Showing posts with label Winchester Cathedral mortuary chests. Show all posts
Showing posts with label Winchester Cathedral mortuary chests. Show all posts

Monday, September 24, 2012

Adventures in Logophilia Day 12: Ossuary

Rendered in more rudimentary calligraphy is today's word...

An ossuary (noun) is a depository box for the bones of the dead.  Creepy, no?
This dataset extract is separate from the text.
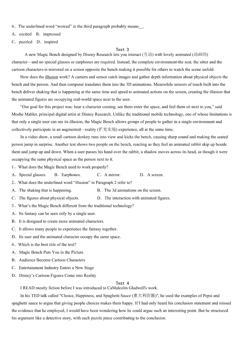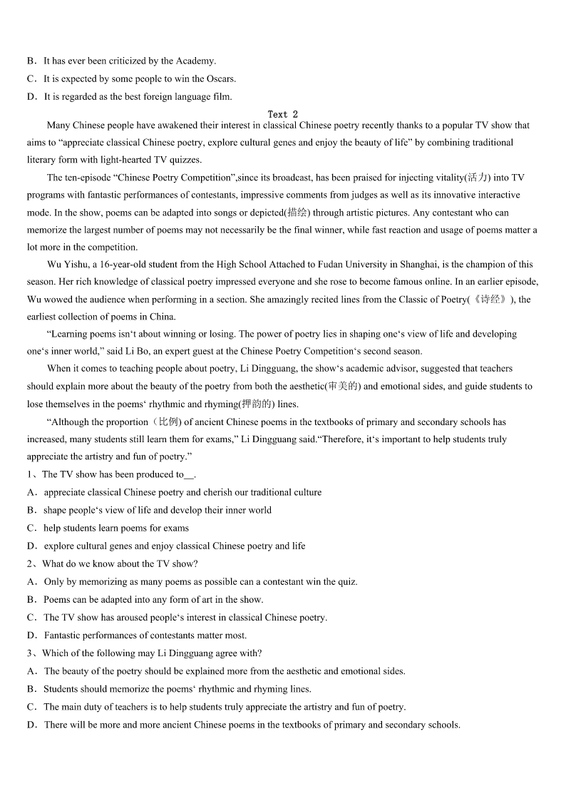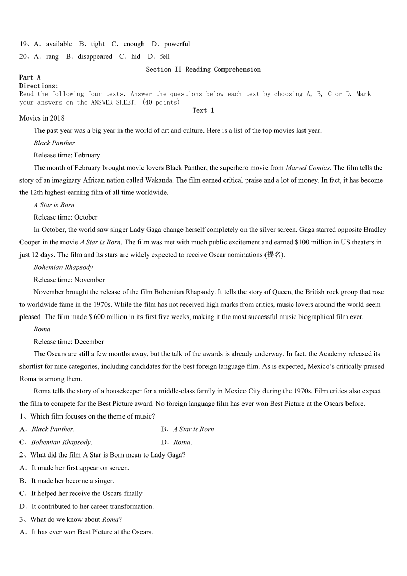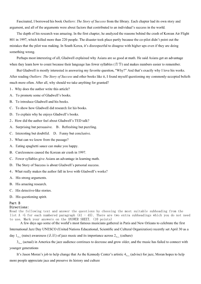 2023年乌恰县考研《英语一》最后冲刺试题 SectionIUseofEnglish Directions: Readthefollowingtext.Choosethebestword(s)foreachnumberedblankandmarkA,B,CorDonthe ANSWERSHEET.(10points) IsatandwaitedforKathleentospeak.“Annie,”shesaid,“Afoodbankthatservestheelderlyisaskingfor1.I’dlike youtoorganizetheevent”“Well,errr…sure.”AsIstuttered(结巴地说)throughmy2,allIcouldthinkwas,“What?Why me?” Iwalkedbacktomyofficewonderingwhereto3.Thiswasatimewhentheeconomywas4.Therisein unemploymentforcedmanyofmycoworkersto5tosurvive.HowcouldIaskthemformore? ThateveningIdrovehomewithnegativity.ThenIrememberedatimewhenmyfatherwasoutofwork.Momwroteanote toJim,themilkman,askinghimnotto6anymoremilk.TwodayslaterJimpickedupthe7andleftfourlitersofmilk. Hewrotehismessage,whichread,“Kidsneedmilk.”Themilkdelivery8asusualandJimnevercollectedacent9us. ThememoryofJim’s10firedmyenthusiasm.PerhapsI’dbeinforapleasantsurprise. ThenextmorningI11signsaboutourfooddrivealloverthecafeteriaandoneverynoticeboardIcouldfind.Each signsaid,“Fooddrivetosupportthepoorelderly!12ofnon-perishable(不易腐的)foodsaregreatlyneeded.” WithinafewdaysIhadtolocateemptyofficespaceto13themassivenumberofcontributionswehad14.Oneof mycoworkers,Maggie,madetheroundswithmeeverydayfromonedepartmenttoanotherto15thecannedgoodsand otherfoods.Thoughoversixty,shepushedourfoodtrolleyaroundwiththe16ofawomanhalfherage. Iaskedherwhereshegotalltheenthusiasm.Shesaid,“Withtheunemploymentratetouching10percent,Ican’tthinkofa betterwaytobe17forkeepingourjobswhensomanyhave18theirs.Suremoneyis19.Butwhenisn’tit?People needfood.” AsIlistenedtoMaggie,themilkman’swords20inmyears,“Kidsneedmilk.” 1、A.adviceB.helpC.pityD.medicine 2、A.responseB.commentC.explanationD.complaint 3、A.sitB.stayC.beginD.work 4、A.growingB.fadingC.recoveringD.booming 5、A.driveB.attemptC.refuseD.struggle 6、A.spareB.drinkC.deliverD.sell 7、A.keysB.kidsC.centsD.empties 8、A.returnedB.continuedC.stoppedD.delayed 9、A.forB.toC.withD.from 10、A.kindnessB.happinessC.patienceD.politeness 11、A.designedB.noticedC.markedD.posted 12、A.

Why on Earth didn't I save this for Halloween, you ask?  Well, on a basic level, I say, creepiness is not bound to one particular day.  Anyway... in perusing the lexicon today, I came across this word and was struck with a memory.  I first learned that "bone boxes" or mortuary chests existed when Michelle and I studied abroad at Oxford and took a trip to Winchester Cathedral.  As I remember it, there are six such chests situated on the presbytery levels of the cathedral, each containing the remains of Anglo-Saxon (and one Danish) king of England.  I believe these bones were buried deep in the crypt of the "old minster" and were moved to a place of honor when the new cathedral was built in the 1100s.  Occupants of these chests include Cynegils, Aethelwulf, Cynewulf, Ecgbert, Cnut, Emma (wife of Aethelred the Unready and Cnut) and an assortment of bones that could be Edred (who could also be someone named Edmund). 
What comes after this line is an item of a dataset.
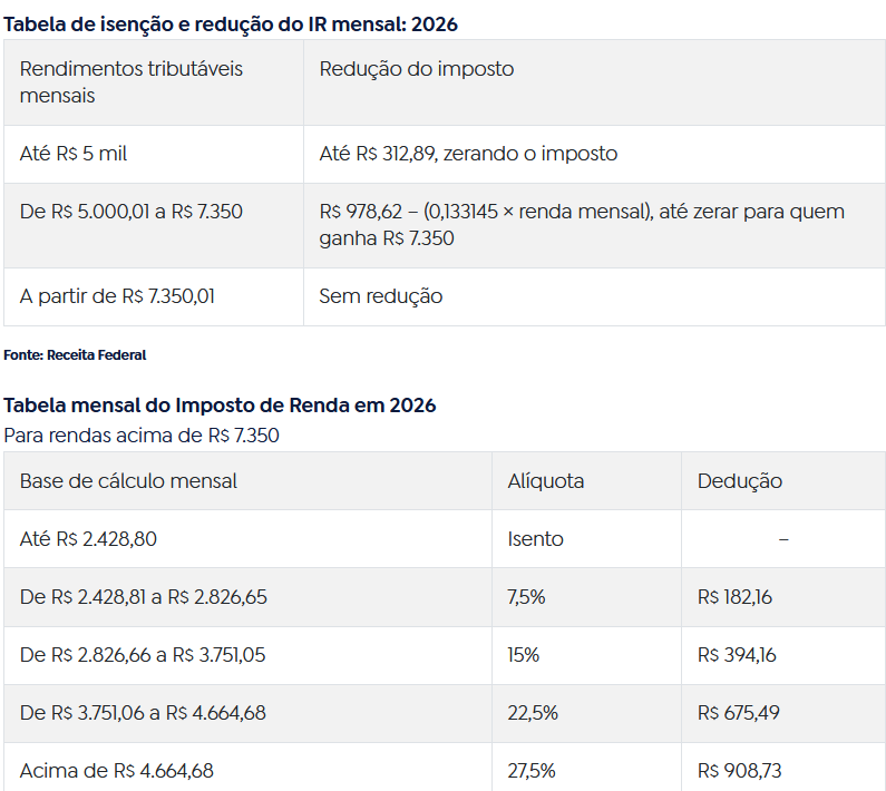 As alterações passam a valer para os salários pagos a partir de janeiro, com impacto percebido nos holerites de fevereiro. Os efeitos completos serão refletidos na Declaração do Imposto de Renda de 2027, referente aos rendimentos de 2026.

What I find to be so fascinating about the ossuaries is how old they are (we're talking pre-1066 here), and how certain facts are lost with time, how a few of these kings made no impression on history at all (or were erased from history), or were mixed up.  These mysteries only prompt discussion.  Like the mystery of Richard III's bones in Leicester and those of the Princes in the Tower thought to be unearthed from under the staircase of the Tower of London, there is always the knowledge that we will never know - and probably never should - what or who rests inside.  Here is a website with more interesting tidbits on these memorials.

This is the only clear picture I have from Winchester of one of the mortuary chests.  We were allowed to take photos, but the flash of my camera could only go so far.  Yet, even from here, you can see how ornate these chests are, beautiful in their ancientness.